Academic Handbook Course Descriptors and Programme Specifications
NCHNAL6124 Implementing Data Science Course Descriptor
Course Title | Implementing Data Science | Faculty | EDGE Innovation Unit (London) |
Course code | NCHNAL6124 | Teaching Period | This course will typically be delivered over a 6-week period. |
Credit points | 15 | Date approved | March 2021 |
FHEQ level | 6 | ||
Compulsory/Optional | Compulsory for Data Analyst Specialism | Date modified | |
Prerequisites | None | ||
Co-requisites | None |
Course Summary
This course offers students an opportunity to learn how to approach data analysis problems in a systematic manner and to learn how to design data analysis pipelines, as well as how to implement them at scale in the context of real-world problems. Data science is at the intersection of statistics, machine learning, and software development. Data analysis problems are solved in a series of datacentric steps: data acquisition, data cleaning, data transformation, data modelling, and data visualization.
Course Aims
- To consolidate student’s knowledge and apply data science thinking, processes and tools to a range of real-world problems.
- To expose students to real-world data sets and organisation constraints.
- To allow students to evaluate new real-world tasks and develop solutions.
Learning Outcomes
On successful completion of the course, students will be able to:
Knowledge and Understanding
K1c | Demonstrate a wide understanding of a broad range of data science methods and processes, bringing together techniques from maths, statistics, computer science and analytics. |
K2c | Critically understand the problems associated with real-word data and organisational constraints, appreciating the limits, ambiguity and uncertainty of data. |
Subject Specific Skills
S1c | Independently problem solve within the data science workflow. |
S2c | Design effective data analysis pipelines. |
Transferable and Professional Skills
T1ci | Demonstrate advanced critical thinking and problem-solving skills. |
T1cii | Display an advanced level of technical proficiency in written English and competence in applying scholarly terminology, so as to be able to apply skills in critical evaluation, analysis and judgement effectively in a diverse range of contexts. |
T2c | Approach problems in a professional, structured manner. |
T3c | Effectively communicate to a range of stakeholders. |
Teaching and Learning
This is an e-learning course, taught throughout the year.
This course can be offered as a standalone short course.
Teaching and learning strategies for this course will include:
- On-line learning
- On-line discussion groups
- On-line assessment
Course information and supplementary materials will be available on the University’s Virtual Learning Environment (VLE).
Students are required to attend and participate in all the formal and timetabled sessions for this course.
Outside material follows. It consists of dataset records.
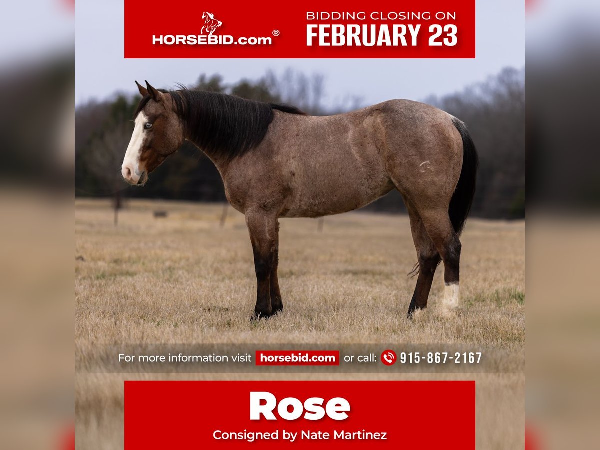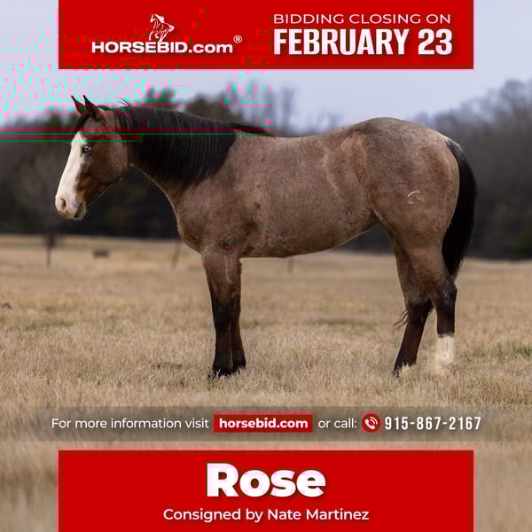 💎 𝐓𝐇𝐄 𝓓𝓲𝓪𝓶𝓸𝓷𝓭 𝐒𝐇𝐎𝐖𝐂𝐀𝐒𝐄 💎 Happening now thru MONDAY | FEBRUARY 23rd - Available EXCLUSIVELY on HorseBid's website! For more details and to register visit: www.Horsebid.com CONSIGNOR CONTACT: Nate Martinez 915-867-2167 LOCATION: Whitton, TX BREED: Quarter Horse REGISTERED: No REGISTERED NAME: Rose COLOR: Bay Roan HEIGHT: 14.2 AGE: 5 GENDER: Mare Rose is a beautiful 5-year-old, 14.2-hand mare with an exceptional mind and a standout presence. She is incredibly gentle and easy to work with, making her a pleasure both in and out of the saddle. Rose is super athletic, quick-footed, and naturally talented, with a very unique and eye-catching look that sets her apart. She is started extremely well on the heel side and has already had a lot of calves roped on her. Rose shows confidence, willingness, and a strong work ethic, making her a fantastic prospect for anyone looking for a reliable performance partner. If you’re not specifically searching for a performance horse, Rose is just as enjoyable outside the arena. She is great on the trails and ready for any adventure, whether it’s long rides, exploring new country, or simply being a dependable, fun mount. Rose is sound, requires no maintenance, and is ready to go in any direction. She combines athletic ability, a gentle disposition, and versatility — a rare find in a young mare.
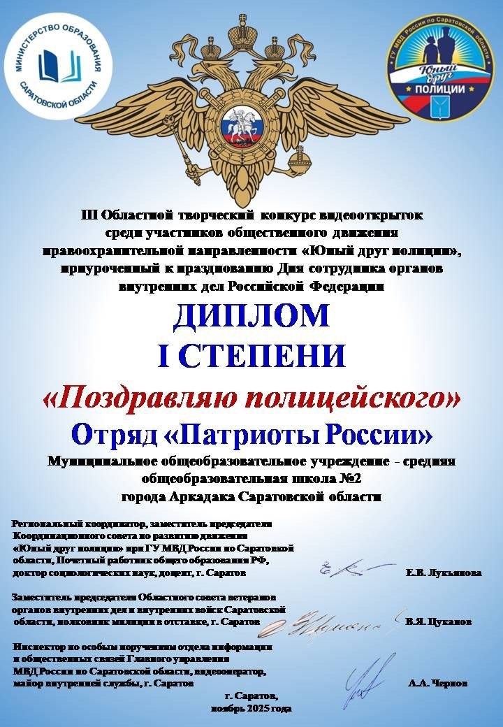 Этот конкурс даёт возможность не только показать уважение ребят к профессии работников полиции, узнать о ней и о людях, которые стоят на страже порядка, но и на деле креативно и творчески поздравить сотрудников органов внутренних дел с их профессиональным праздником.Видеооткрытка юных друзей полиции из школы № 2 города Аркадака завоевала диплом I степени. Они приняли участие в 3-ем областном конкурсе «Поздравь полицейского».
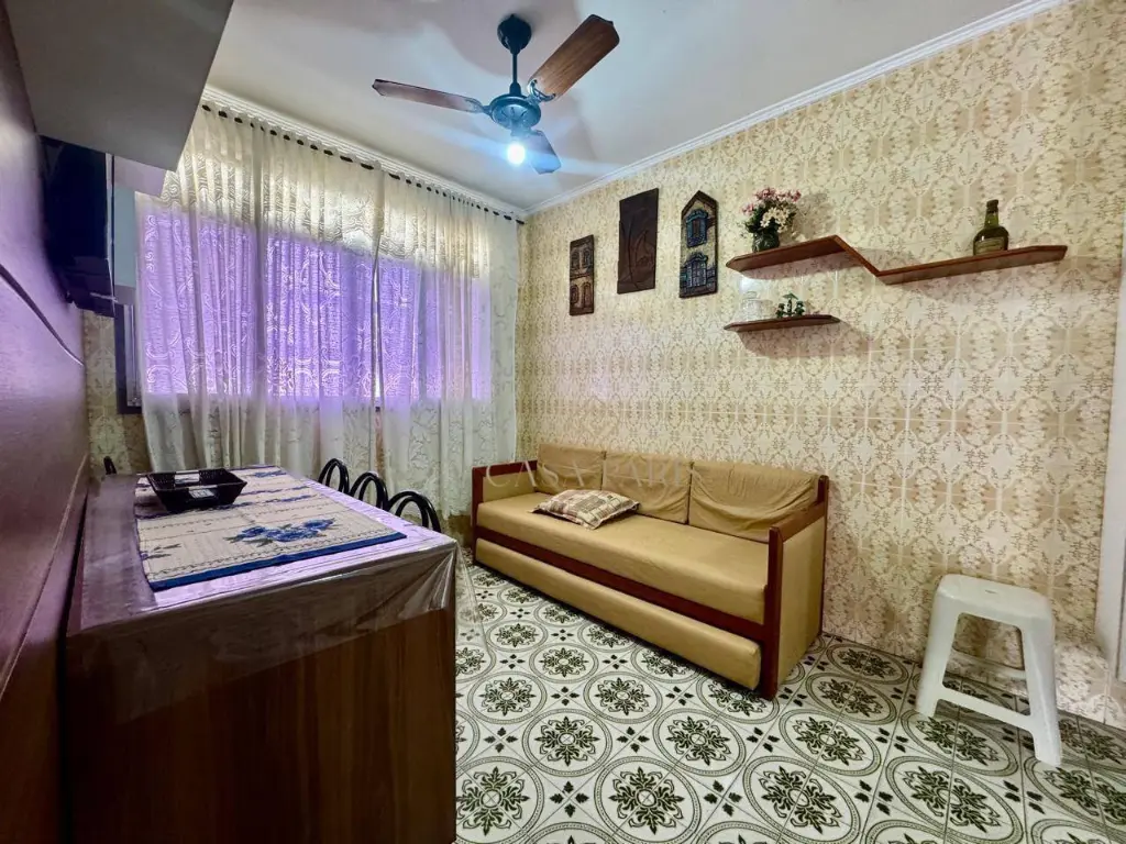 Apartamento à venda no Canto do Forte em Praia Grande, contendo 02 quartos, sala 02 ambientes, cozinha americana, banheiro, 01 vaga na garagem coletiva do prédio, cômodos espaçosos, bem claro e arejado.
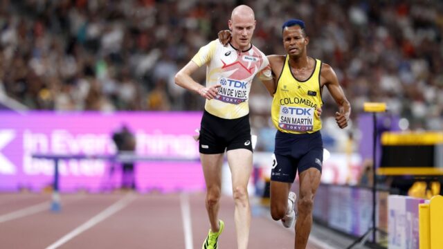 Tim Van de Velde, a la izquierda, se aseguró de que él y Carlos San Martin terminaran su carrera de obstáculos de 3.000 metros en el Campeonato Mundial. Franck Robichon/EPA/Shutterstock
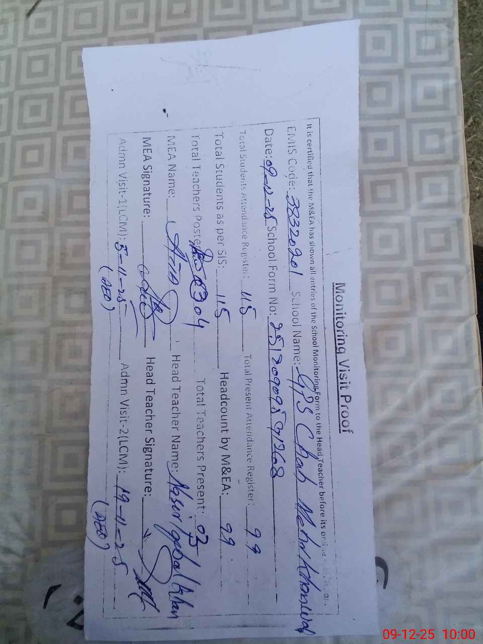 | EMIS Code: 38320201 | Name of School: GPS CHAH MEHR KHAN WALA | |||
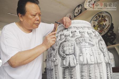 此瓶為白瓷,高80厘米、最大直徑63厘米、瓶口42厘米,利用刻瓷獨有的手法,展現(xiàn)了87名中國共產(chǎn)黨成立以來的歷史人物,選材廣泛,題材重大,雕刻達到1700多萬刀,在全國陶瓷界實屬罕見,具有極高的收藏價值和藝術(shù)價值。圖為閆先公正在對大型刻瓷瓶《領(lǐng)袖與將帥》進行最后的修正。
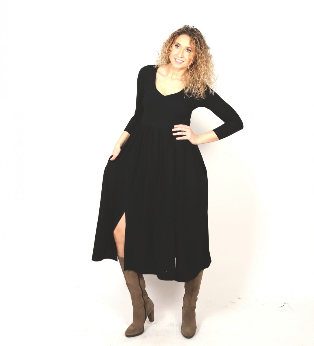 Šaty jsou ušité z úpletu viskóza/elastan. Mají dlouhou rozevlátou sukni a dva rozparky. Výstřih do tvaru srdce. V horní části jsou přiléhavé a pod prsy se rozvoňují do široké sukně sukně s nepravidelnou délkou.
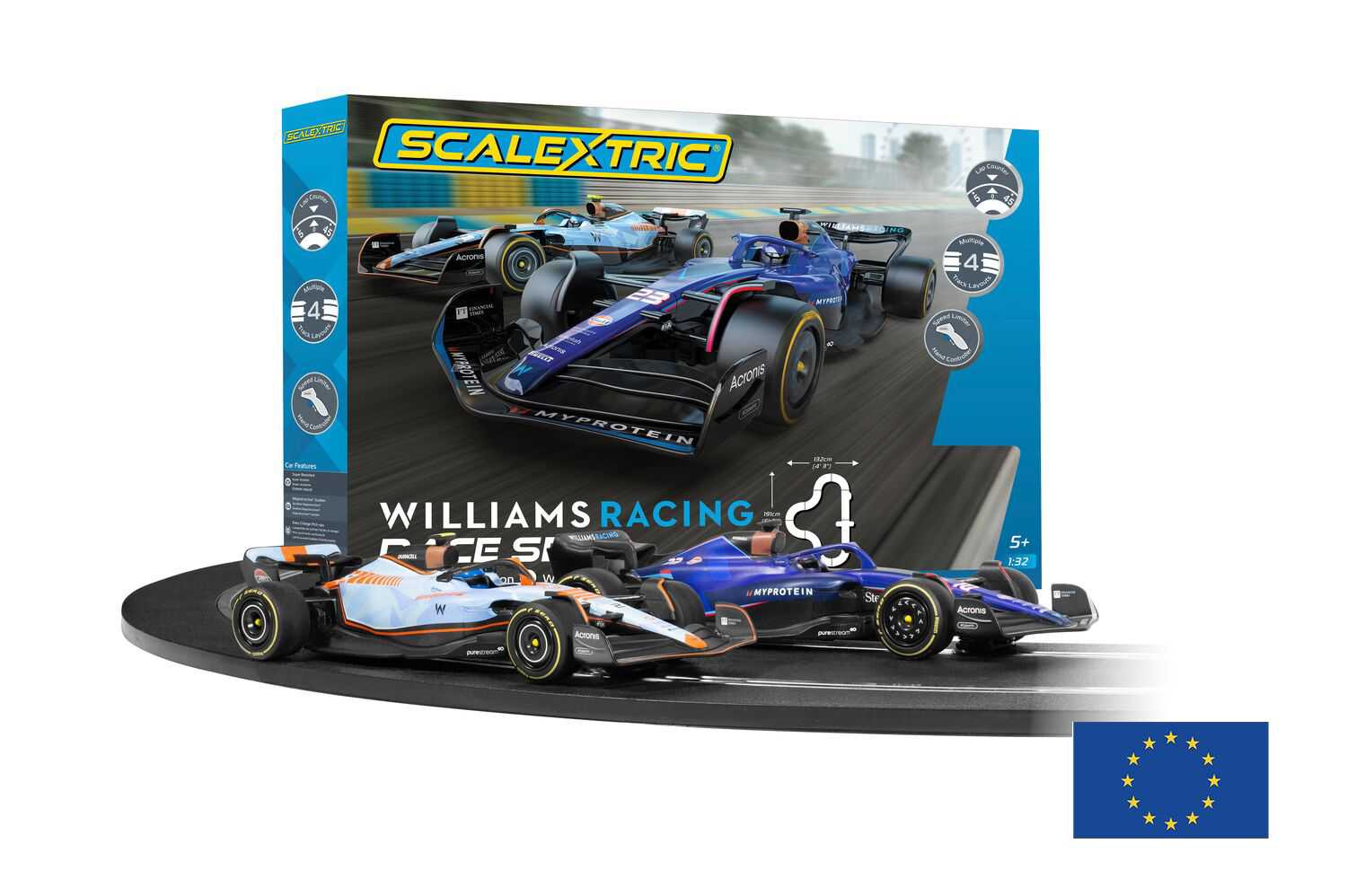 Čo nájdete v balení 1x Transformer, 1x Powerbase, 1x Lap Counter, 10x Track Pieces, 2x Hand Controllers 2x Williams FW45, 2x Track Supports, 1x Braid Pack
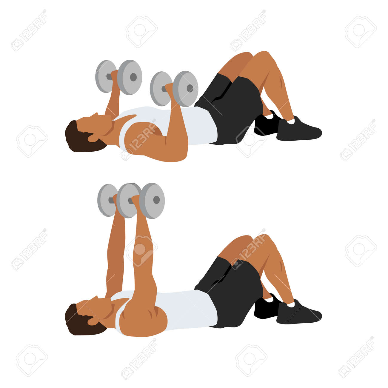 SVG, Vettoriale - Esercizio Di Pressatura Per Pettorali Con Manubri. Illustrazione Vettoriale Piatta Isolata Su Sfondo Bianco. Carattere Di Allenamento. Image 180125476
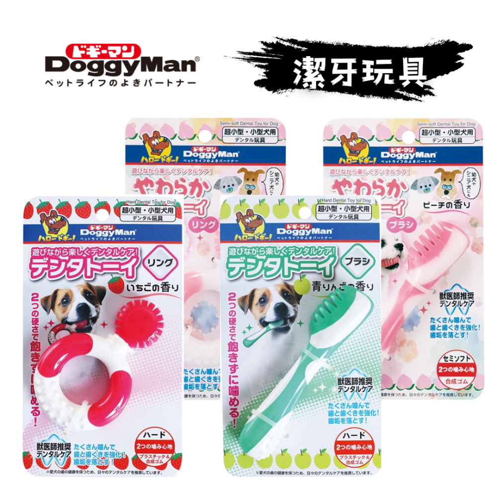 DoggyMan 咬咬果香安全潔齒玩具 圓環與潔牙刷造型 雙重硬度獸醫推薦 狗狗磨牙啃咬玩具 寵物潔齒圈
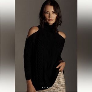Anthropologie Black Cold Shoulder Cable Knit Sweater – Size M
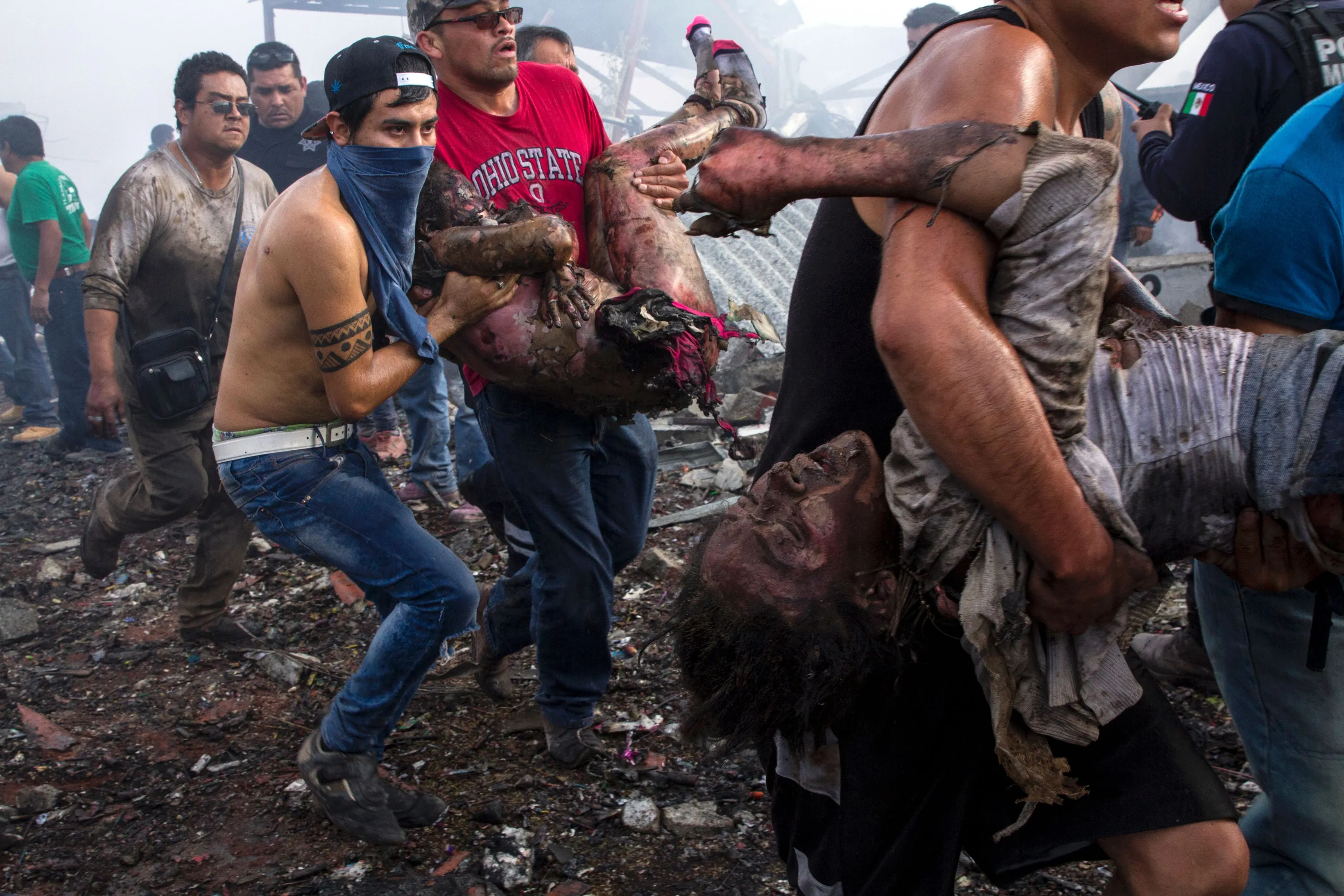 Victims severely burned are taken away by rescuers from the smoldering ruins of a fireworks market, flattened by a huge blast that killed at least 26 and injured dozens, in Mexico City, on December 20, 2016. The conflagration, in the suburb of Tultepec, set off a quickfire series of multicolored blasts and a vast amount of smoke that hung over Mexico City. (Photo by Israel Gutierrez/AFP Photo)
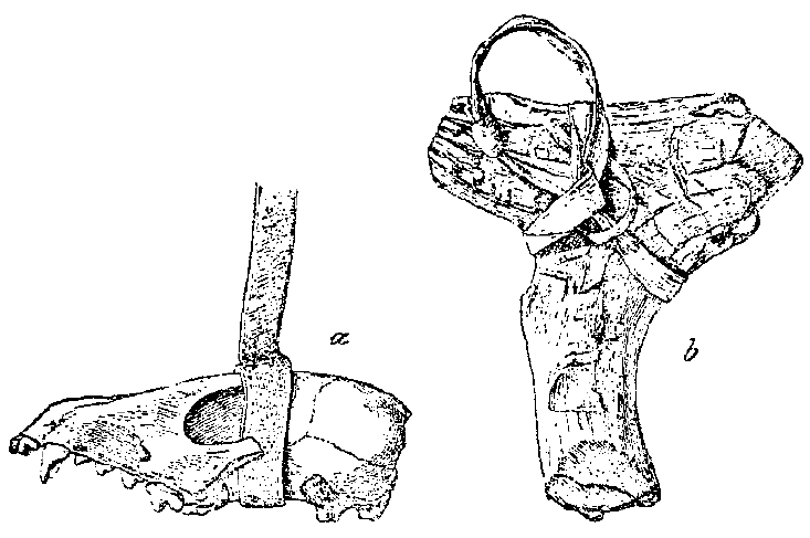 Наиболее распространенным способом гадания является гадание при помощи подвешивания различных предметов. Чукчи и эскимосы употребляют для этого так называемый «гадальный камень» jьt-komk-wukwun (буквально – «качающийся камень»). Для этой цели может служить всякий камень, обвязанный ремешком. Правда, предпочтение отдается камням необыкновенной формы. Для гадания часто употребляются также череп какого-нибудь зверя (рис. 98, а), «деревянный дух»[247]247
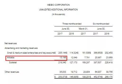 今年第二季度微博财报,来自阿里的广告收入是1319.6万美元
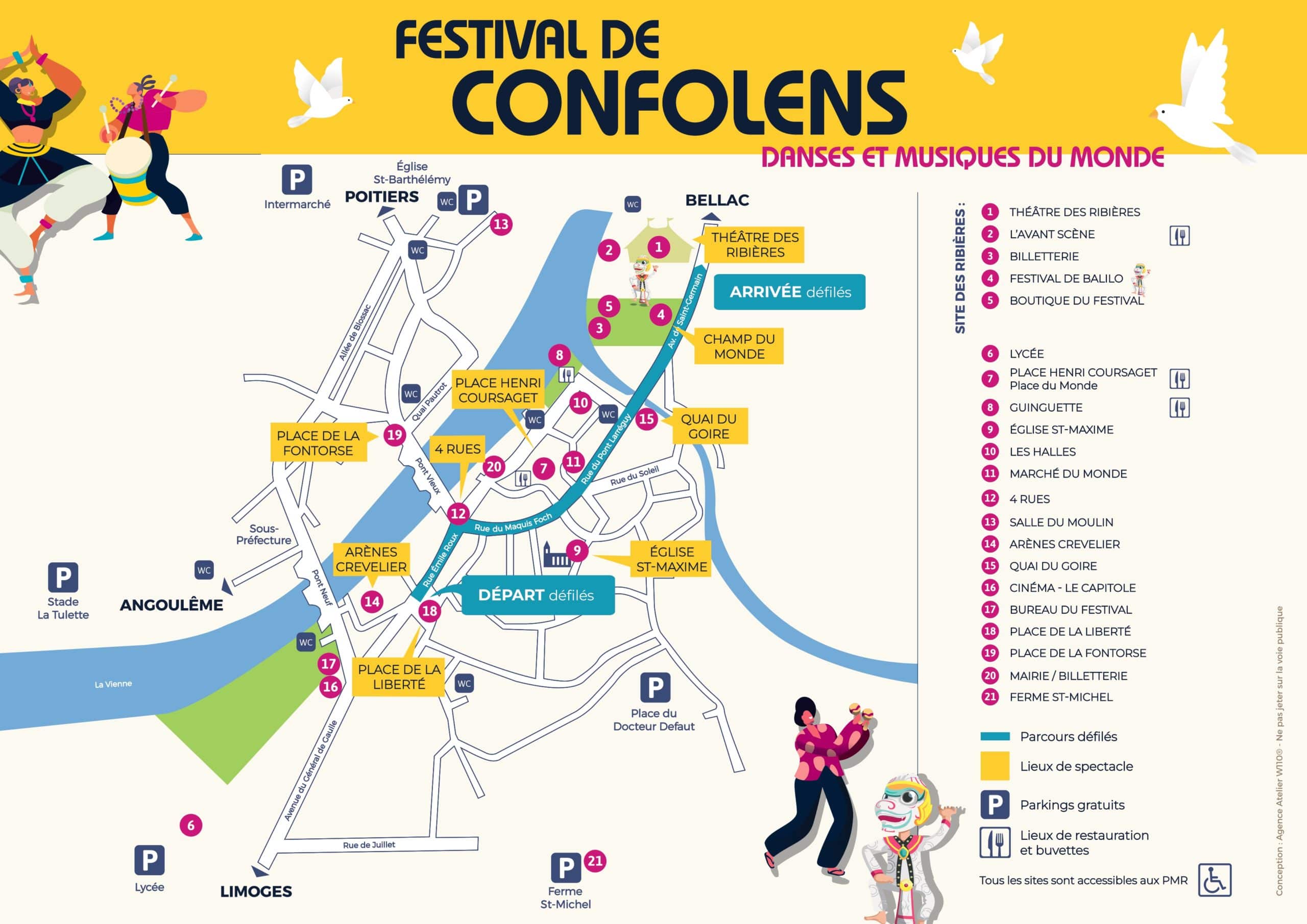 Pendant le festival, les visiteurs disposent de plusieurs parkings gratuits aux différentes entrées principales de Confolens.
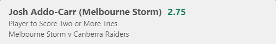 The Raiders have been weak in defence on their right edge in recent weeks and have allowed 6 tries to left-wingers over the last 4 weeks. Addo-Carr is still in the hunt for the top try scorer and the Storm will give him every opportunity possible to win the award.
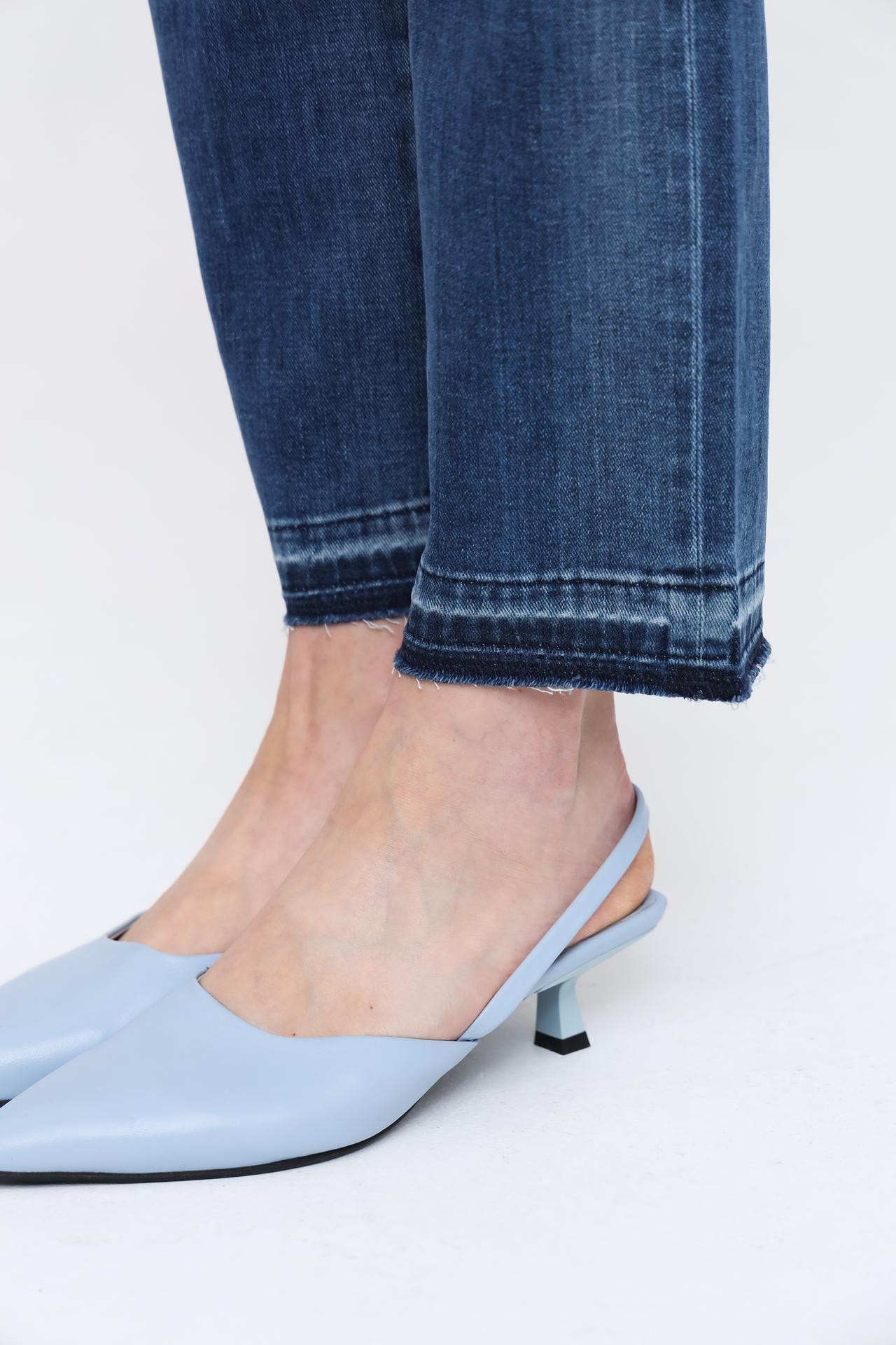 Джинсы имеют укороченную длину и необработанный край, что добавляет им непринужденности и современного шарма. Классический синий цвет позволяет легко сочетать их с различными элементами гардероба, создавая бесчисленное количество стильных комбинаций.

Students are also expected to manage their self-directed learning and independent study in support of the course.
The course learning and teaching hours will be structured as follows:
- Learning and teaching (6 days x 8 hours) = 48 hours
- Independent study = 102 hours
Indicative total learning hours for this course: 150 hours
Assignments (see below) will be completed as part of private study.
Assessment
Formative
Students will be formatively assessed during the course by means of set assignments. These will not count towards the final degree but will provide students with developmental feedback.
Summative
AE | Assessment Type | Weighting | Online submission | Duration | Length |
1 | Written Assignment | 70% | Yes | – | 2,500 words +/- 10%, excluding data tables |
2 | Oral | 30% | Yes | 30 mins | – |
The summative assessment will be assessed in accordance with the assessment aims set out in the programme specification.
Feedback
Students will receive formal feedback in a variety of ways: written (via email or VLE correspondence) and indirectly through online discussion groups. Students will also attend a formal meeting with their Academic Mentor (and for apprentices, including their Line Manager). These bi- or tri-partite reviews will monitor and evaluate the student’s progress.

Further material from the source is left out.